In the third important patent venue decision it has issued in the past week (In re: BigCommerce, No. 2018-122 (May 15, 2018)), the Federal Circuit has clarified the proper location for patent infringement suits against U.S. corporations whose state of incorporation is large enough to have multiple federal judicial districts.  According to the Court,

a domestic corporation incorporated in a state having multiple judicial districts ‘resides’ for purposes of the patent-specific venue statute, 28 U.S.C. § 1400(b), only in the single judicial district within that state where it maintains a principal place of business, or failing that, the judicial district in which its registered office is located[.]

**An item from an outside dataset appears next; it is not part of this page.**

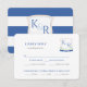 A smart navy blue and white watercolor coastal-inspired wedding crest RSVP and meal choice insert card design.
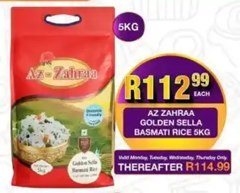 Az zahraa golden sella basmati rice promotion at Take 'n Pay

The Court’s opinion answers a question left open by the Supreme Court’s landmark decision in TC Heartland, LLC v. Kraft Foods Grp. Brands, LLC, 137 S.Ct. 1517 (2017), which held that a U.S. corporate defendant resides in the state in which it is incorporated (see our prior post), but did not answer the question of where to sue in multi-district states.

The Court’s interpretation of the patent venue statute as restricting venue to a single judicial district was not unexpected (see our prior post), and pointed to “clear support in the statute’s language, history, purpose, and precedent.”  The Court’s opinion also, however, provides guidance on how to determine the proper district for patent venue that was not strictly required to resolve the case at hand.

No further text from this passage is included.